Иннокентьев не стал выключать двигатель, только погасил фары, и сразу вокруг стало непроглядно темно: черный, чужой мир. Словно в батискафе, подумал он, на самом дне.
— Если вам не к спеху, я еще покурю, — не спросила, а сообщила Эля.
Прикуриватель щелкнул, выскочил из гнезда и опять выхватил из темноты ее нос, губы, блеск зубов и глаз.
Иннокентьев выключил двигатель, оставив работать одно отопление. В полнейшей, до звона в ушах, тишине ночи было слышно, как подвывает вентилятор печки, и, когда Эля затягивалась сигаретой, казалось, что ухо улавливает, как съедает огонь папиросную бумагу.
Иннокентьев тоже закурил.
Где-то далеко прогрохатывал ночной товарняк, долгим гудком прорезая темень.
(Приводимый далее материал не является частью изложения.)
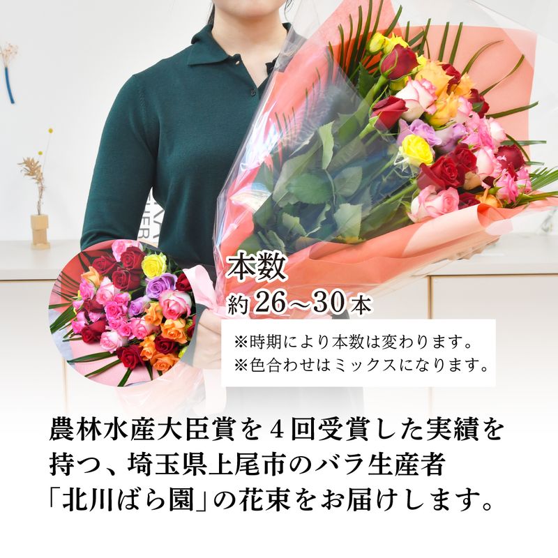【ふるさと納税】<配送エリア限定・着日指定必須> 生産農家直送 バラ 花束 新鮮 Mix 約26~30本 | バラ 薔薇 ローズ 花束 植物 インテリア 誕生日 記念日 お祝い 母の日 父の日 ラッピング有り リボン付き 多品種 農林水産大臣賞 生花 プレゼント ギフト 埼玉県 上尾市
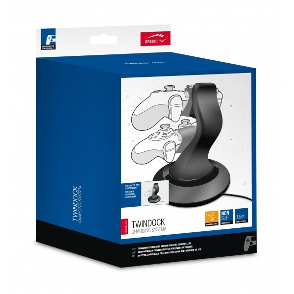 Twindock (SL-4511-BK) от компании Speedlink - станция для зарядки геймпадов DualShock 4. Устройство позволит вам зарядить одновременно два джойстика, что значительно сэкономит ваше время. Надежная, удобная система гнезда обеспечит безопасность расположения геймпадов – нужно только установить геймпад в правильном положении и он начинает заряжаться. Ножки зарядной станции прорезинены, а это значит, что они не двигаются, а стоят на месте.
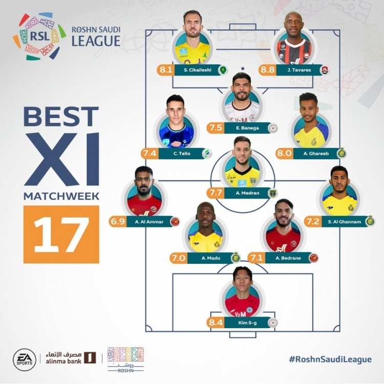 唯彩看球讯 沙特联赛公布了第17轮最佳阵容,在对阵布赖代合作的比赛中,C罗助攻双响,但仍然无缘最佳阵容。
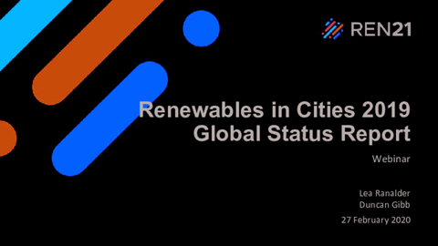 This February, ISES is happy to once again welcome REN21 for one of our monthly webinars - this time introducing the first ever Renewables in Cities 2019 Global Status Report.
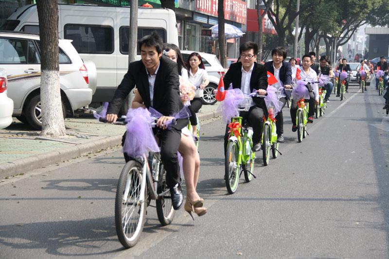 上午10點(diǎn)30分,劉川終于將美麗新娘抱到了自行車上,一溜低碳環(huán)保的自行車迎親隊(duì)開始啟程,從南大街到清潭,再到勤業(yè),十來公路路程,一路上收到眾多市民的眼光。
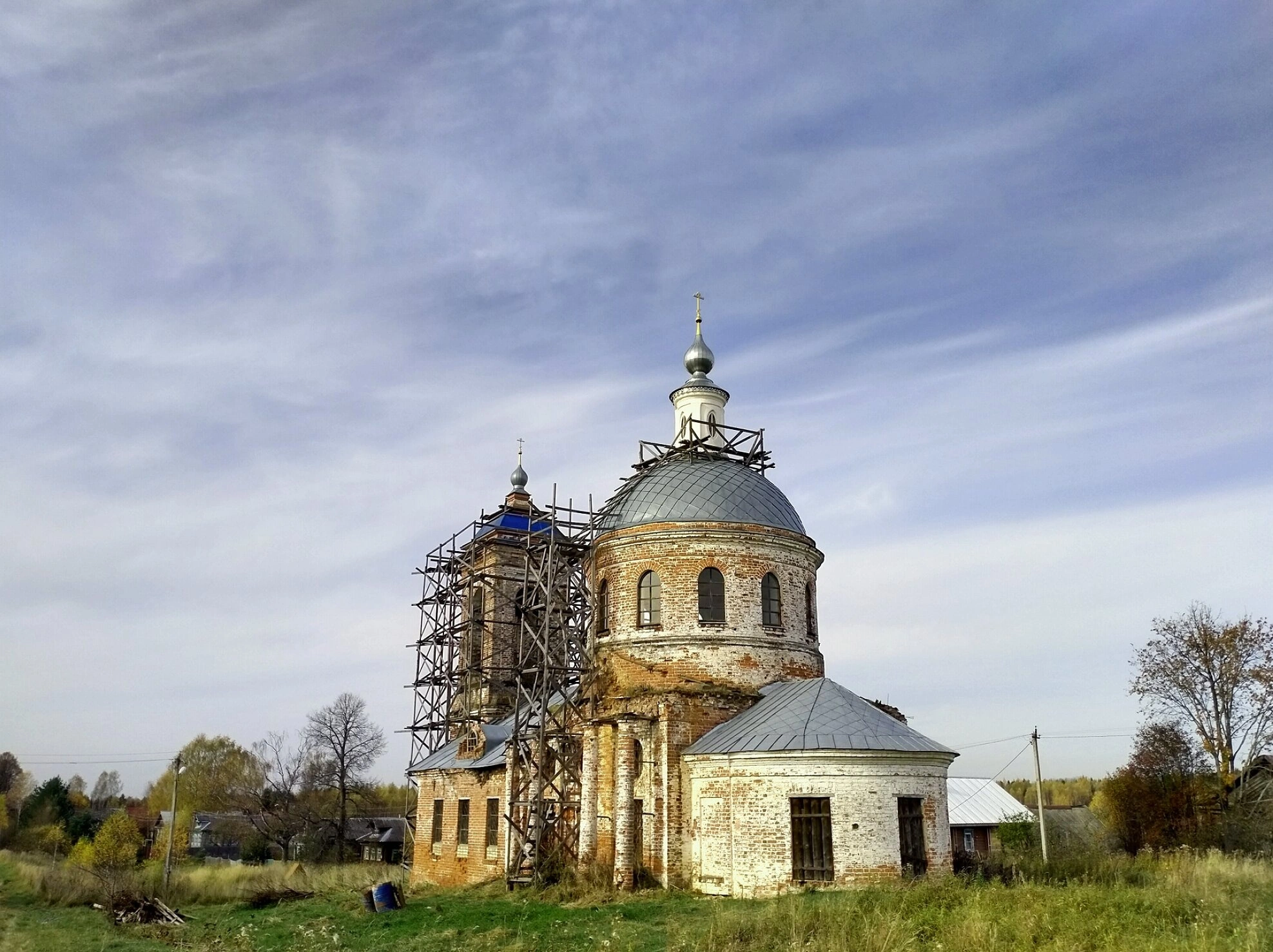 Снимок передаёт не только архитектурные детали, но и атмосферу места. Храм стоит в сельской местности, окружённый высокой травой и деревьями с осенней листвой. Серые облака на небе и общее состояние здания, в котором величие исторической формы сочетается с видимыми следами разрушения, вызывают чувство светлой печали и надежды на возрождение. Фотография не содержит изображений людей, крупным планом запечатлён сам архитектурный памятник и его природное окружение.
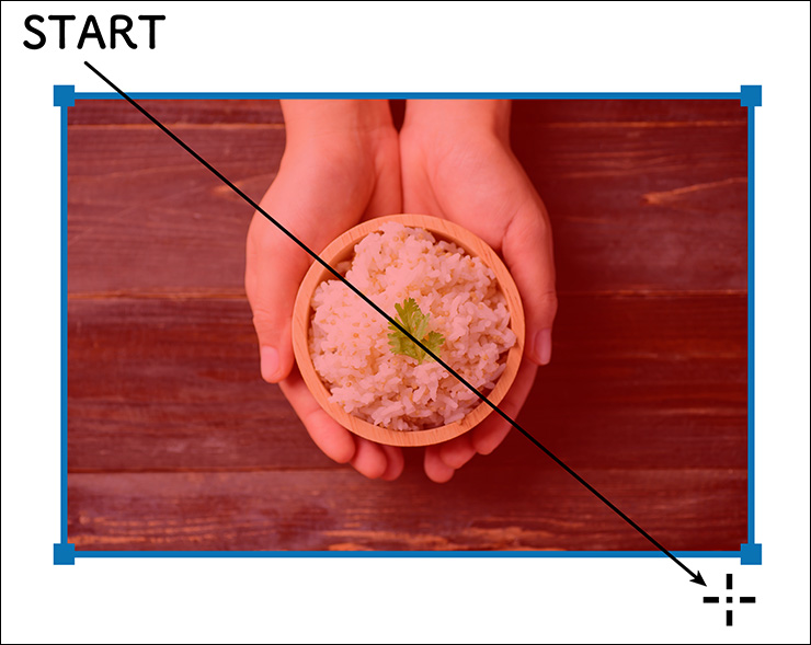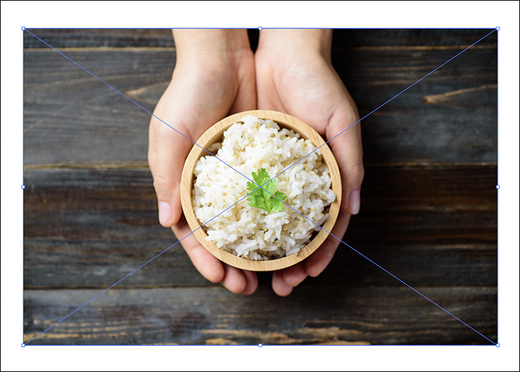 次に長方形ツールを選択して、画像と同じサイズの長方形にして重ねます(図2)。※下図では配置がわかりやすいように長方形の塗りをあえて半透明の赤にしていますが、通常は不透明度を下げる必要はありません。画像の前面に長方形を配置するのがポイントです。
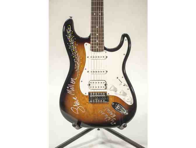 On March 8, 2014, Steve Miller and "The Steve Miller Band" performed at the St. Augustine Amphitheatre. Steve Miller decorated and signed this Fender Squire Bullet Strat guitar for us. The guitar was purchased by the Friends of the St. Augustine Amphitheatre (FOSAA).
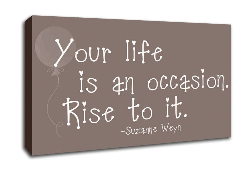 Suzanne Weyn Your Life Is An Occasion Beige Wide Canvas Print handmade in the UK. Stretched over a 2 inch thick wooden box frame, ready to hang on your wall.
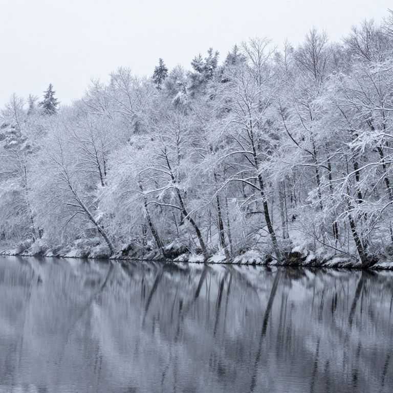 Serenity whispers through the still winter air, as snow-draped trees mirror their quiet resilience in the calm waters below, inviting introspection amidst nature’s eternal embrace.
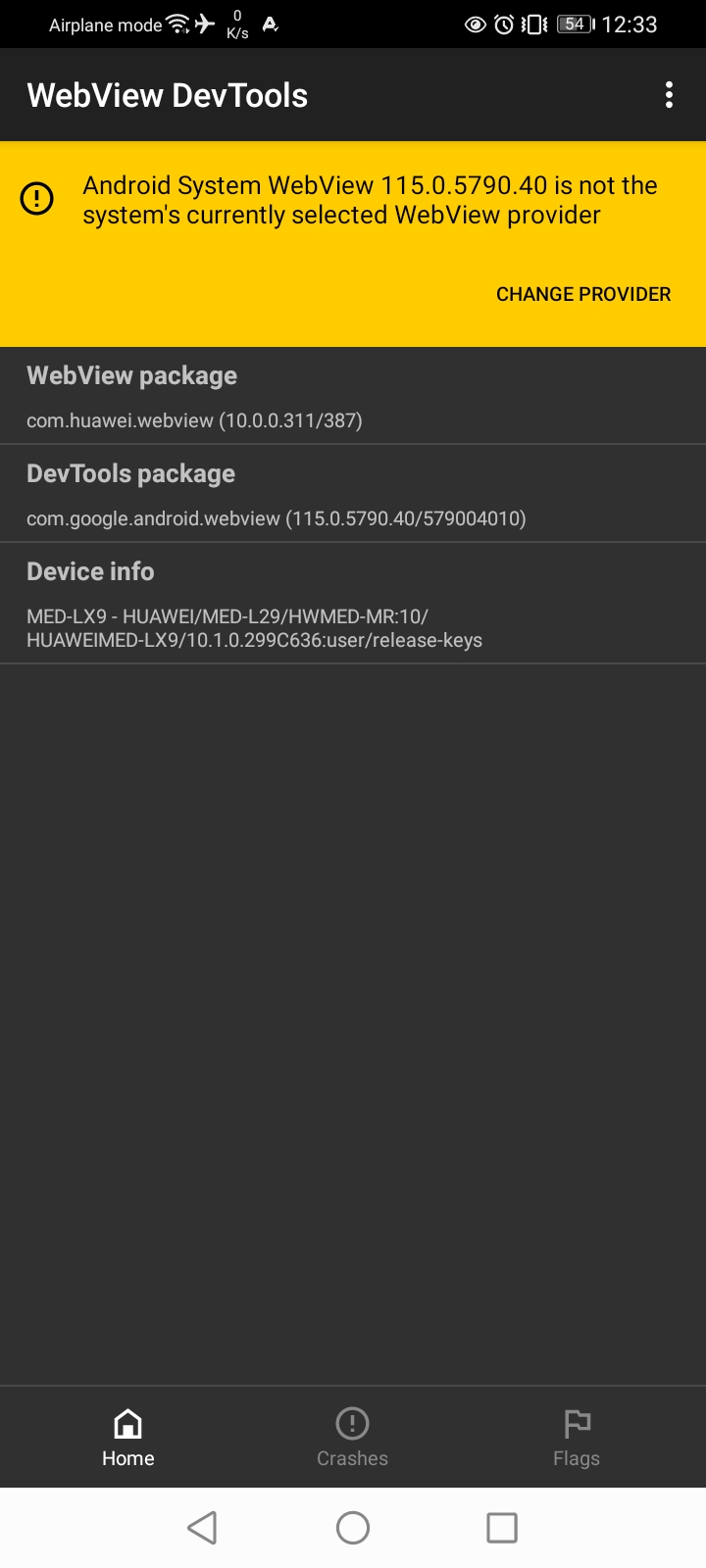 Hey! I think I found a glitch??? Why does it says "Android System Webview 115.0.5790.40 is not the system's currently selected Webview provider"? Even I click And clicked Huawei One's nothing happens I guess can you please help me?
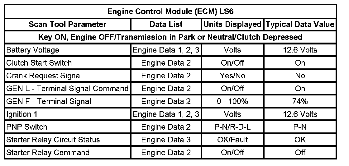 Normal Scan Tool Data Values
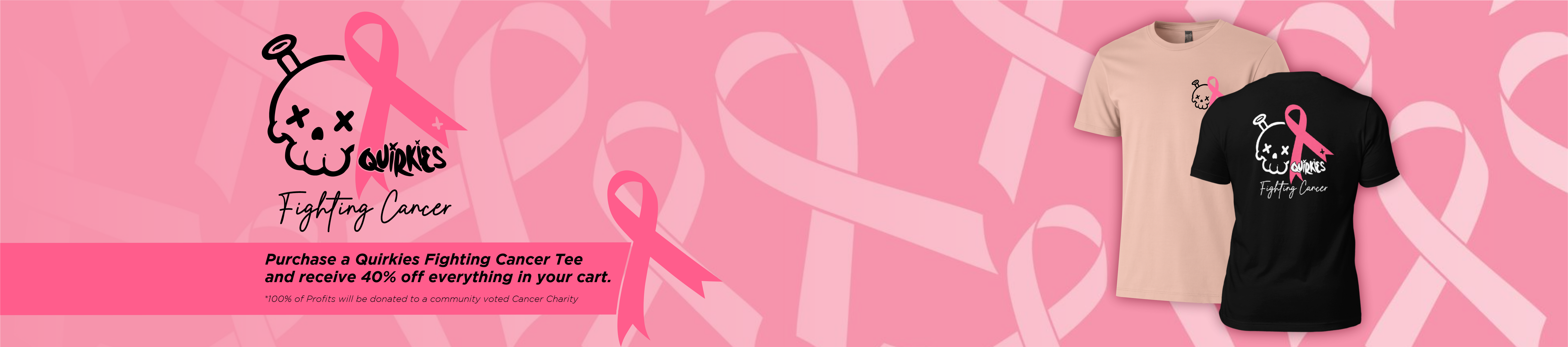 By putting a Quirk Fighting Cancer t-shirt in the cart you will receive a 40% discount on the remaining items in your cart, (cancer shirt is not discounted),

— Ну?. — не выдержал наконец Иннокентьев.
Она вышла наружу, сказала:
— Хорошо. Пошли. — И с силой захлопнула за собой дверцу.
Он не удивился. Вслед за Элей вышел из машины, запер ее.
Она сказала на ходу, не оборачиваясь:
— На себя пеняйте. — Оскользаясь на свежем снегу, пошла узким проулком мимо магазина.
Иннокентьев, смертельно уставший от неближней этой дороги по заснеженному шоссе, безвольно пошел за нею, увязая в сугробах.
Она остановилась у калитки, дожидаясь его. Когда он подошел, она было толкнулась в калитку, но та не поддавалась — дорожка, ведущая к едва различимому в глубине двора одноэтажному дому, была занесена снегом по колено.
— Подожди. — Он навалился всей тяжестью тела на калитку. В узкую щель едва-едва можно было протиснуться.
Эля, нашаривая в сумке ключи, прошла первой, Иннокентьев след в след за нею, то и дело проваливаясь в снег.
По ту сторону дома раскачивался на ветру уличный фонарь, тьма то густела, то редела в его блеклом свете.
С дверью в дом тоже непросто было справиться — крыльцо занесло не хуже тропинки.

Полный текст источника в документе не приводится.